Squamous cysts. Squamous cysts were lined by welldifferentiated, stratified squamous epithelium with a central keratin accumulation. These lesions were sharply demarcated, except in those areas in which metaplasia extended into adjacent alveoli. The squamous epithelium had few mitotic figures, and dysplasia was absent. The lesion appeared to grow by keratin accumulation and peripheral extension of metaplasia into adjacent alveolar spaces.
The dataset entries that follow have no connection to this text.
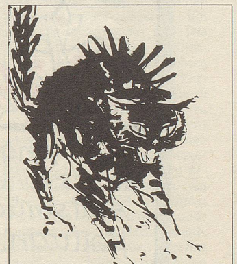
WAAGHAUS ST. GALLEN

Ich würde gerne auch die Forderung aufstellen, dass die Männer die Möglichkeit kriegen müssen, Kinder zu gebären, damit sie Kinder haben können, ohne gezwungen zu sein, sich deshalb eine Frau an den Hals zu binden. Diese Forderung ist jedoch bei dem heutigen Stand der Wissenschaft noch unrealistisch. Ich bin ja keine Men Lib., ich bin ein ganz gemässigter Männerrechtler. Ich glaube, dass man aufgrund dieses Programms das Jahr der Frau und das Jahr des Mannes ruhig gleichzeitig durchführen kann.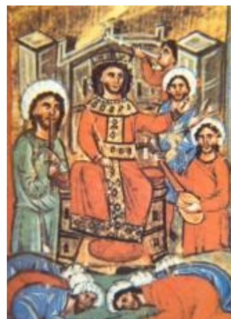
Μελίκης, Γ., Δημοτικά τραγούδια για τη Θεσσαλονίκη, Θεσσαλονίκη: Ηχολόγος, 1987., σ.19.

▣ Χασιώτου, Γ. Χρ., Συλλογή των κατά την Ήπειρον Δημοτικών Ασματών, (Αθήνα: Βιβλιοπωλείον Α.Ν.Καραβία, [1983]).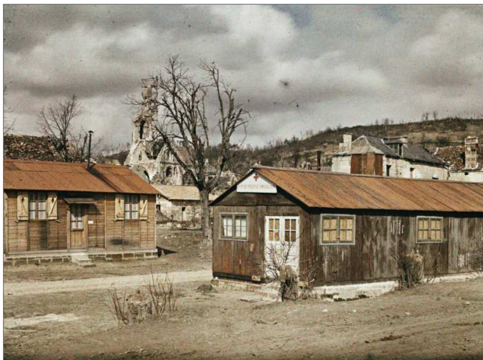
Fig. 3 : Vailly, Aisne, « Bâtisses dans les ruines » [on lit : don du peuple américain ], Frédéric Gadmer, 16 mars 1920, autochrome 9 x 12 cm, inv. A 20 659, Département des Hauts-de-Seine, musée départemental Albert-Kahn collection Archives de la Planète.

Pendant la guerre, Jean Brunhes se voue comme beaucoup d'intellectuels à la propagande dans les pays neutres. Ceci le rapproche du ministère des Affaires étrangères, ainsi que du service des Beaux-Arts, cogestionnaire de la Section photographique et cinématographique de l'Armée avec laquelle le laboratoire des Archives de la Planète collabore 14 . La défense des intérêts nationaux restant d'actualité, Brunhes co-dirige en 1919-1920 une revue de propagande franco-américaine intitulée La France . Il en anime le bureau français, le bureau américain étant à la charge de son amie Claude Rivière 15 . Autour de la revue s'entrecroisent plusieurs réseaux et notamment des acteurs qui gravitent autour d'un projet américain d'aide au relèvement des régions dévastées.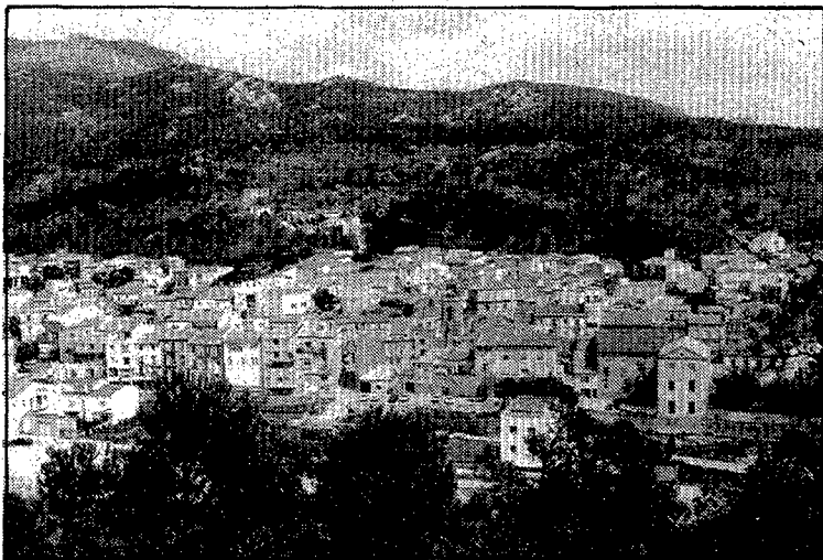
La multinacional francesa Total instal·larà una gasolinera a la Jonquera.

La intenció de la casa Total és establir-se a la Jonquera el més aviat possible, tot i que ja s'han mantingut contactes per arribar a un acord amb l'Ajuntament i, si els convé, fer una permuta de terrenys, amb l'objectiu que es pogués disposar del projectat aparcament de camions i l'empresa construiria la gasolinera en un em-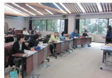
要約筆記ボランティア 養成講座

大人数の会議や講演会だけでなく、個人的な要約筆記にもできるだけ対応いたしますので、ご用命ください。

The first squamous cyst was observed in an HDE female at approximately 19 months. The first lesion was observed in the other gender and exposure groups from 20 months to the final sacrifice. The prevalence of squamous cysts in each exposure group and gender is shown in Table 7 . The prevalence of squamous cysts was significantly higher at the high exposure levels than at the low exposure levels. The number of female rats with squamous cysts (37) was greater than the number of male rats with cysts (10). However, the cysts were observed in 20 of the female rats after 24 months of exposure.
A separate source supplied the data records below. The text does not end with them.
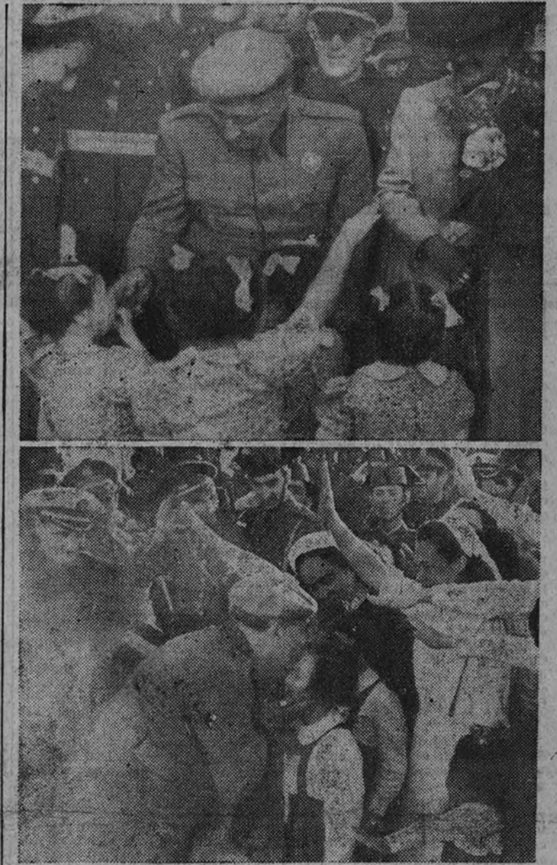
El Caudillo acariciando a las niñas acogidas en un Hogar de Auxilio Social en Granada. En la foto inferior Su Excelencia el Jefe del Estado besa a la hija de un pescador en Almería.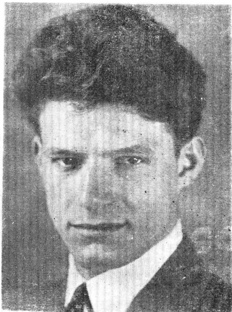
Ἦταν ἄρχισε νὰ γράφει τὸ «Ὀδοιπορικό» του.

Ἦ Ἄνθρωπος· τὰ προβλήματα του· τραγωδία· καλὸ καὶ θέληση· Ἦ Ἀπειρο· Αἰώ-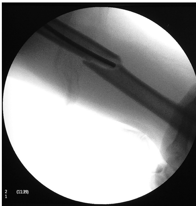
Figura 3 – Redução da fratura e passagem da haste, com uso do intensificador de imagem.

O índice de migração das hastes foi de 33,3% e todas as migrações foram superiores.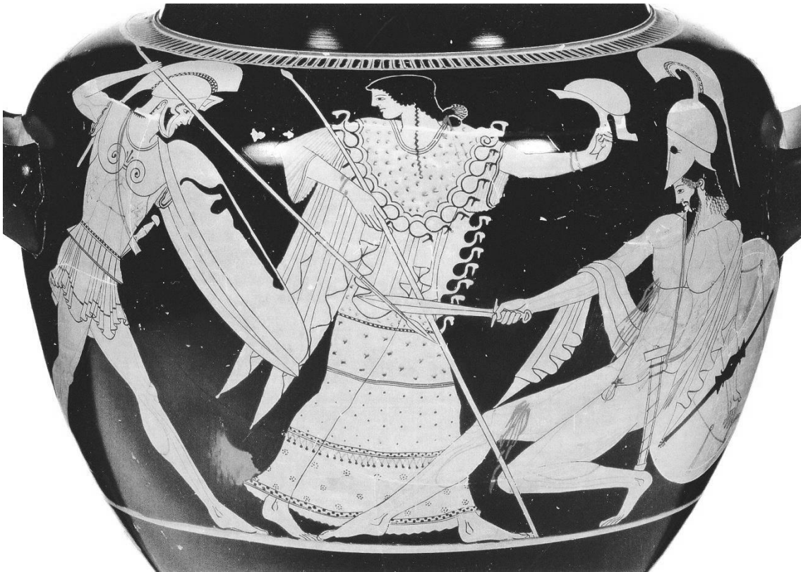
Aquiles en combate con Héctor, en el centro Atenea

For most of the nonneoplastic lesions, similar results were obtained for both genders. The probability of a higher score was statistically significant for the higher exposure concentration and for exposure to DE. This is shown in Table 8 by the odds ratios and the 95% confidence intervals that do not include 1.0. The only lesions that were not more severe in DE-exposed than in CB-exposed rats were focal fibrosis and squamous metaplasia. For focal fibrosis, the difference between exposure to DE and CB was marginally significant with DE causing a greater response in females (p = 0.05) and a lesser response in males (p = 0.05). For squamous metaplasia, the difference between exposure to DE and CB " The odds of the higher exposure concentration to the lower exposure concentration and the odds of DE exposure to CB exposure. The two odds ratios were estimated at the same time in a polychotomous logistic regression model while also having a linear term for time on study. When the 95% confidence interval (CI) does not include 1, then the results for the exposure concentrations or exposure materials are significantly different from each other at p = 0.05.
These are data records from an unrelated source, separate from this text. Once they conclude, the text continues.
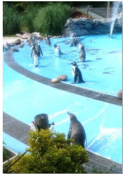
【こども動物自然公園】

総敷地面積 46ha の緑豊かな広大な土地に、コアラ、キリン、フンボルトペンギン他たくさんの動物がいます。小動物のふれあいコーナーもあり、最近では世界最小のシカ（プーズー）が、日本で初めて公開されました。冬場にはカピバラの温泉浴も見られ四季を問わず多くの子供達、家族連れで賑わいます。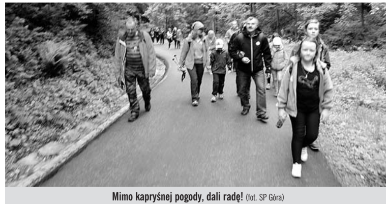
Mimo kapryśnej pogody, dali radę!

23 maja Szkoła Podstawowa im. Janusza Korczaka w Górze zorganizowała I Szkolny Rajd Górski. Uczestnicy mieli do wyboru trzy trasy – łatwą, średnią i trudną. Mogli przejść szlakiem niebieskim z Czernichowa, szlakiem zielonym z Wilkowic lub szlakiem czerwonym z Bielska. Cel był jeden – dotarcie do schroniska na Ma-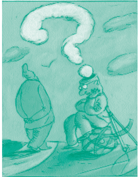
Petite histoire des religions , ill. D. Maja, Syros Jeunesse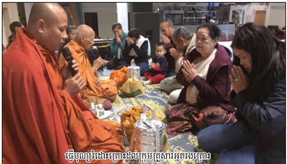
ធ្វើបុណ្យរំលឹកសង្គ្រោះដល់ក្រុមគ្រួសារអ្នករងគ្រោះ

សម្រាប់ក្នុងផ្ទះថា "លោកអ្នកត្រូវធានាថា មានប្រដាប់ប្រាប់ពីអគ្គិភ័យផ្ដើម ជាពិសេសប្រដាប់ចាប់ផ្ដើមភ្លើងថាប្រដាប់ទាំងនោះនៅដើរជានិច្ច - ត្រូវមានផែនការសម្រាប់ឱ្យក្រុមគ្រួសារអ្នករងគ្រោះនៅពេលមានអគ្គិភ័យកើតឡើង - ត្រូវត្រៀម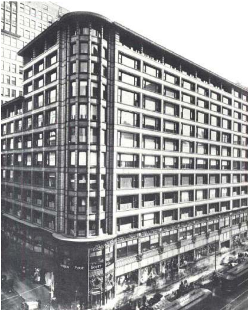
Magazzini Carson , Pirie e Scott , Chicago , 1899/1904 .

partenza del rinnovamento funzionalista è dato dall'edificio Wainwright di St. Louis costruito nel 1889 ... Chiude il secolo ed apre il nuovo il capolavoro dei Magazzini Carson , Pirie e Scott ... Quest'opera fa di Sullivan il profeta dell'architettura moderna .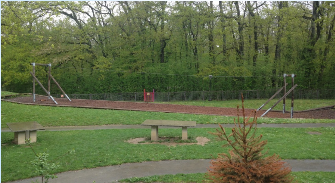
Terrain d'aventure d'Onex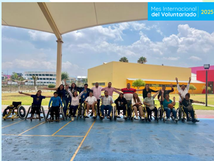
Convivencia con niñ@s con discapacidad Fundación Teletón Pachuca, Hidalgo 400 beneficiari@s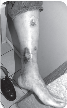
Le ha cerrado la herida de su pierna gracias a la Tintura de yervas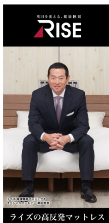
桑田真澄氏の大型バナー

また、人通りの多いメインウィンドウには、RISE健康睡眠プロジェクト スペシャルパートナー 桑田真澄氏の大型バナーをディスプレイし、RISEのブランドビジョンである「質の高い睡眠がもたらす、目覚めたときに実感する幸せ」のメッセージを伝えます。RISEは高反発マットレスを通じて、シュアステイプラスホテル by ベストウェスタン新大阪に宿泊されるスポーツ選手をはじめ、毎日を頑張るビジネスマンなどすべてのお客様の睡眠をサポートすることを目指します。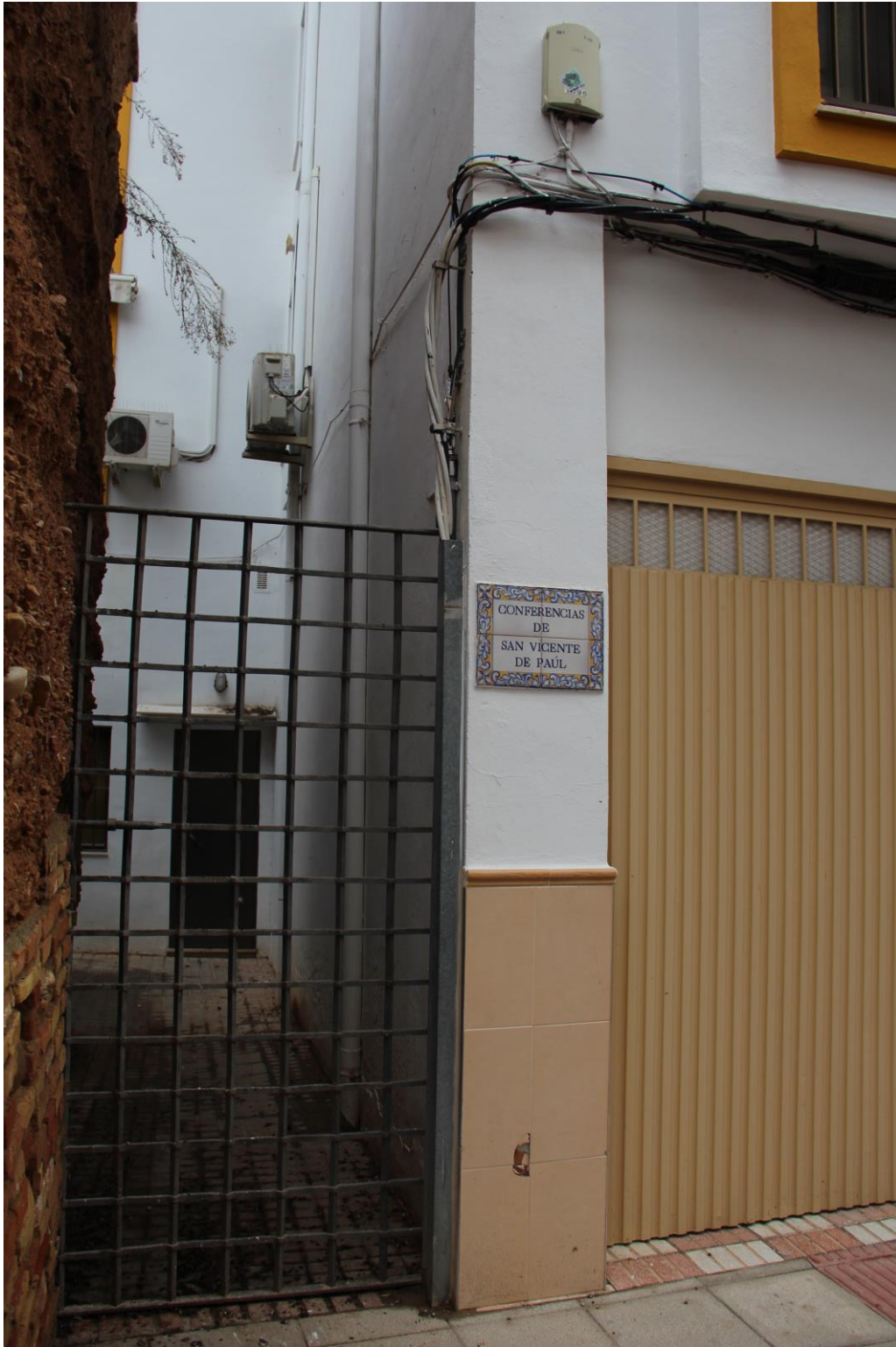
Detalle puerta acceso

Proyecto de Conservación de 4 Torreones del Conjunto Amurallado de Andújar

was not significant in females (p = 0.62) or males (p = 0.75).

The coefficients of the logistic regression model for squamous cysts are shown in Table 9 . The coefficients of slope for the response to either CB or DE were significantly increased compared to controls for females (p < 0.001) and for males (p < 0.001). There were no significant differences between the coefficients of slopes for the DE or CB responses for females (p = 0.7) or males (p = 0.2).

Neoplastic lung lesions. All primary lung neoplasms appeared to arise from the parenchyma; none appeared to arise from the conducting airways. Some smaller adenomas could be seen to arise from the parenchyma adjacent to the proximal alveolar ducts, the area where alveolar epithelial hyperplasia was most commonly located. Three key features differentiated the adenomas from foci of hyperplasia:

(1) adenomas exhibited uniform, regular cells causing distortion of the alveolar architecture; (2) adenomas were unitized, discrete structures; and (3) adenomas exhibited an expansive growth that sometimes caused compression of the surrounding lung. The adenocarcinomas were differentiated from adenomas by their cellular anaplasia, invasion, in some cases, of lymphatics, blood vessels, or bronchial walls, and metastasis to regional lymph nodes.

There was evidence that the pathogenesis of adenomas and adenocarcinomas formed a continuum which began with alveolar epithelial hyperplasia. In some cases, the adenomas and adenocarcinomas were surrounded by epithelial hyperplasia. Several adenocarcinomas appeared to arise within adenomas, and the morphological features of the neoplasms suggested that they arose from alveolar epithelium. Also, the prevalence of alveolar epithelial hyperplasia increased much earlier than the prevalence of adenocarcinomas. The location of the squamous cell carcinomas and the observation of squamous metaplasia in the alveolar region suggested that the squamous cell carcinomas arose from alveolar epithelium, but a benign squamous neoplasm linking metaplasia and carcinoma was not evident. The first squamous cell carcinomas occurred before squamous metaplasia of alveolar epithelium or squamous cysts were observed.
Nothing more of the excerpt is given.